Dernière mise à jour: 25/01/2016
This article explains the steps required to connect from PHP on a Debian linux server to a Microsoft SQL Server database.
We will use FreeTDS and unixODBC for this purpose.
The following Debian packages are needed:
freetds-bin - FreeTDS command-line utilities
freetds-common - configuration files for FreeTDS SQL client libraries
unixodbc - Basic ODBC tools
php5-sybase - Sybase / MS SQL Server module for php5
As you can see we require php5-sybase! This is no error :-)
Installation of the packages can easily be done through a single line command, with apt-get install
sudo apt-get install freetds-common freetds-bin unixodbc php5-sybase
After the installation, restart the webservice (apache2):
sudo service apache2 restart
Verifying if the installation of all components (freetds, unixodbc) was successful can be done with the tsql command:
tsql -H yourserverhostname -p 1433 -U username -P password -D database
If you get a connection prompt, the components were installed correctly. You can test a query with:
USE database
GO
SELECT * FROM Table;
GO
EXIT
Attention: if you select a nvarchar or ntext field you can get an error: "Unicode data in a Unicode-only collation or ntext data cannot be sent to clients using DB-Library (such as ISQL) or ODBC version 3.7 or earlier".
This is normal, it can be fixed by setting the freetds.conf (the FreeTDS configuration file) with a correct version parameter.
sudo vi /etc/freetds/freetds.conf
You can add a section to the config file for your own database server or instance:
# Kinamo SQL Server
[yoursqlserver]
host = yoursqlserver.poweredby.kinamo.be
port = 1433
tds version = 8.0
By adding TDS version "8.0" you will remove the Unicode error.
You can now retry the tsql command, this time with the -S parameter instead of -H.
This creates a connection on server name or instance name instead of the complete FQDN host name, and FreeTDS will use the parameters you provided including the valid TDS version.
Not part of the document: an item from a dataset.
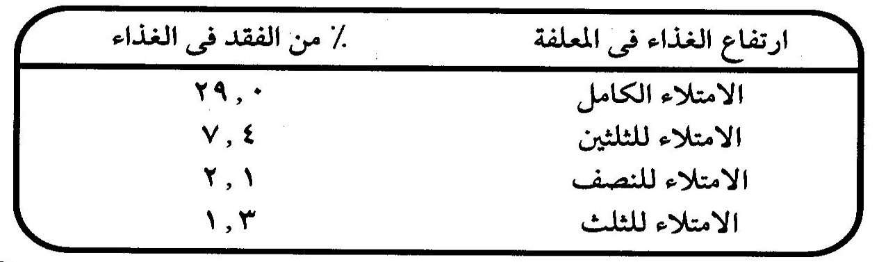 والنتائج التالية تظهر أهمية تدريب القائم بالعمل في مسكن الدواجن في أن يحافظ على المستوى المطلوب للغذاء في المعلفة.
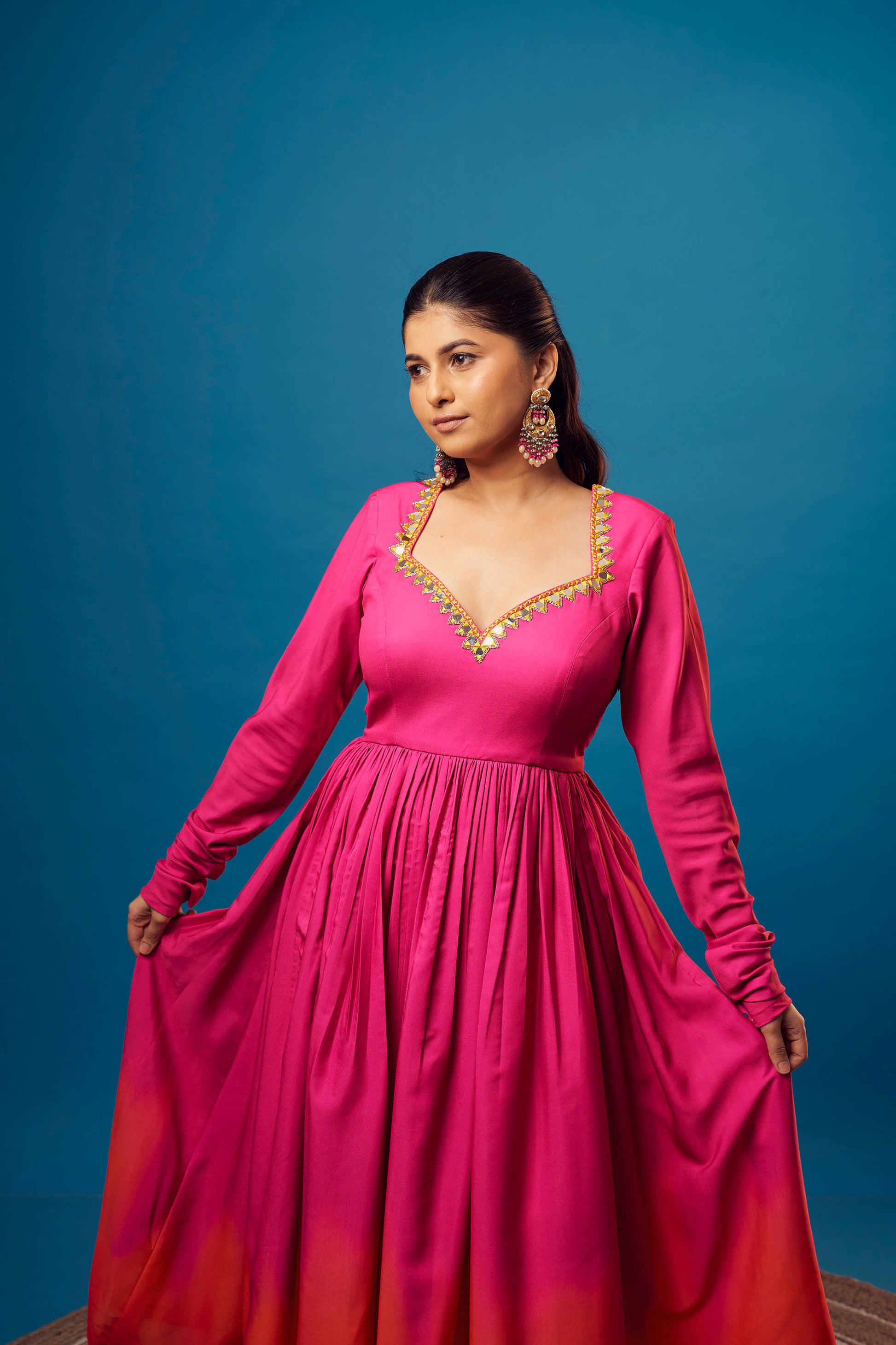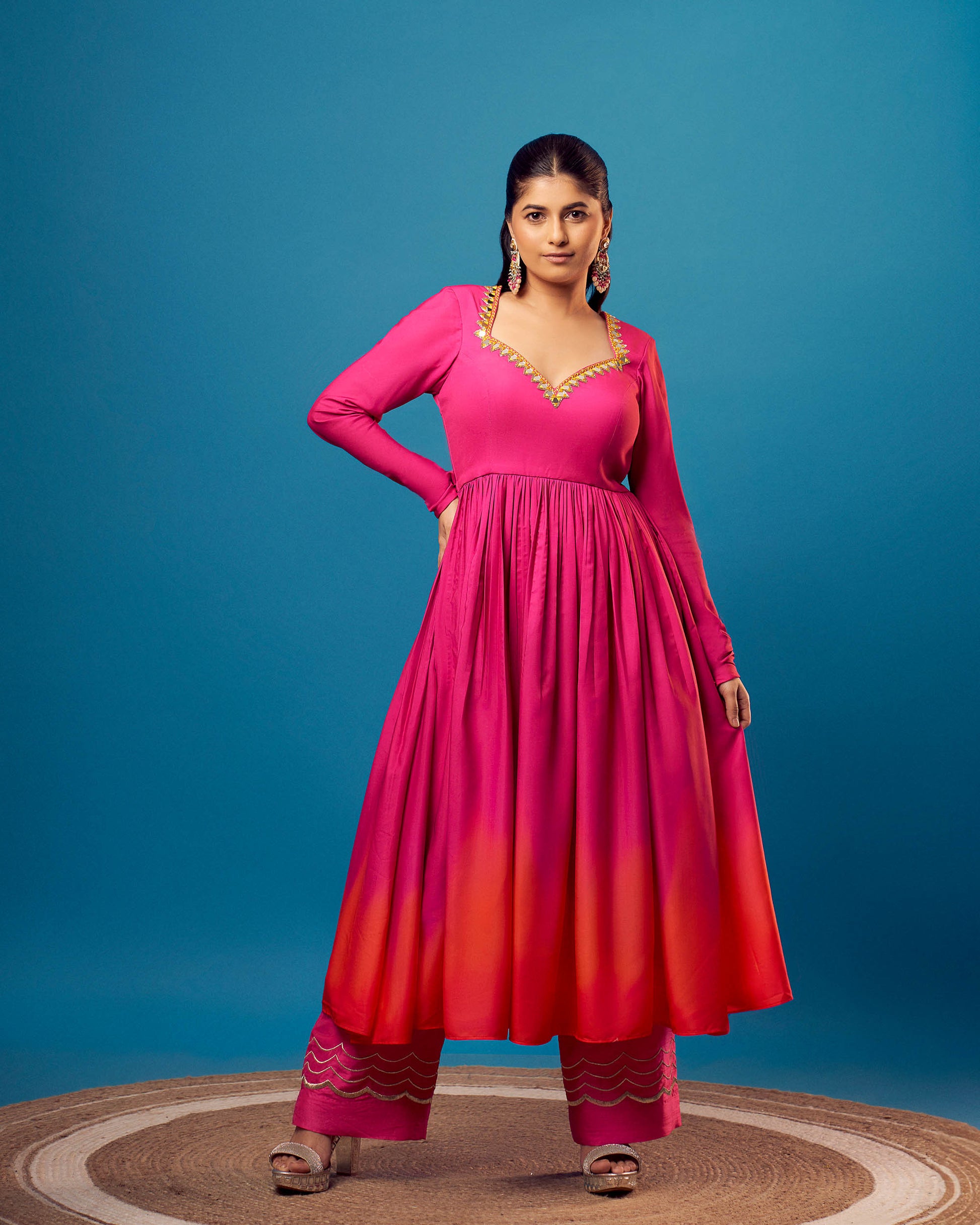 Pink-Orange Ombre Sweetheart Anarkali Set

tsql -S yoursqlserver -U username -P password -D database
The final step is to test your connection from PHP. This is possible in several ways: through the PDO extensions, through mssql...
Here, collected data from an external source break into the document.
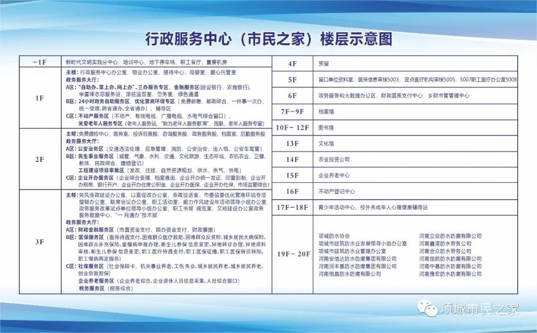 项城市民之家于2018年11月份投入使用,雄居项城核心位置城南新区,总投资2亿元,占地82亩,政务大厅占地30亩,配套停车场52亩,总建筑面积4万平方米。建筑采用主楼+裙楼模式,主楼21层,1.5万平方米,1-6层为办公服务区,7-9层为档案馆,10-13层为图书文化服务区,14层为农业投资公司办公区,15-16层为民生事业服务区,17-18层为青少年活动中心,19-20层为防水总部高新企业办公区。裙楼4层,建筑面积2.5万平方米,1-3层是政务服务大厅,共设置窗口220个,窗口采取“前台后室”的模式,实行前台受理,后台审批。4层为市政府“我来办”办公室,主要是服务招商引资项目建设,为企业开展代理代办等服务。
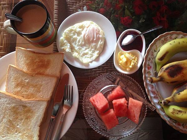 早餐很簡單,現煎的荷包蛋很好吃,比在曼德勒住的Sahara Hotel 的早餐, 那些吃不出味道的炒麵炒飯炒蛋...好太多了!and 咖啡終日免費供應^_^
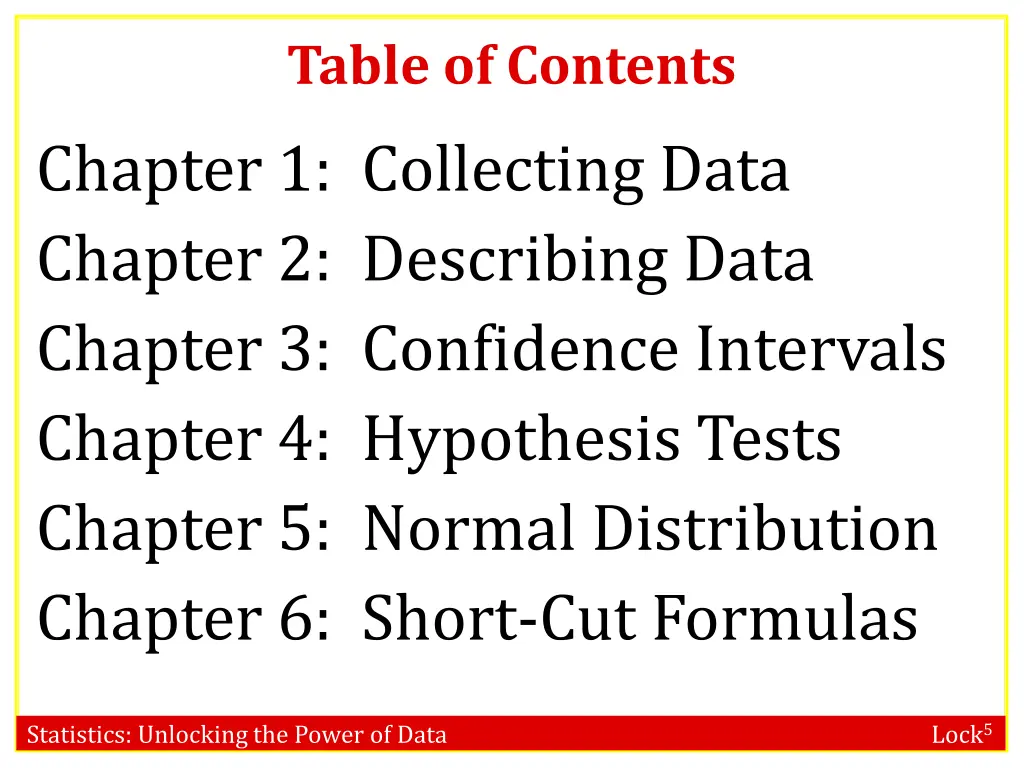 Table of Contents Chapter 1: Collecting Data Chapter 2: Describing Data Chapter 3: Confidence Intervals Chapter 4: Hypothesis Tests Chapter 5: Normal Distribution Chapter 6: Short-Cut Formulas Statistics: Unlocking the Power of Data Lock5

The example below shows a simple PDO connection:
<?php
$db = new \PDO('dblib:host=yoursqlserver.poweredby.kinamo.be;dbname=database', 'username', 'password');
return $db;
?>
Attention, if you get an error: PDOException "could not find driver" you may be connecting as PDO('mssql...); instead of PDO('dblib...);
It depends on your OS which driver you may need to use, on Debian this is dblib!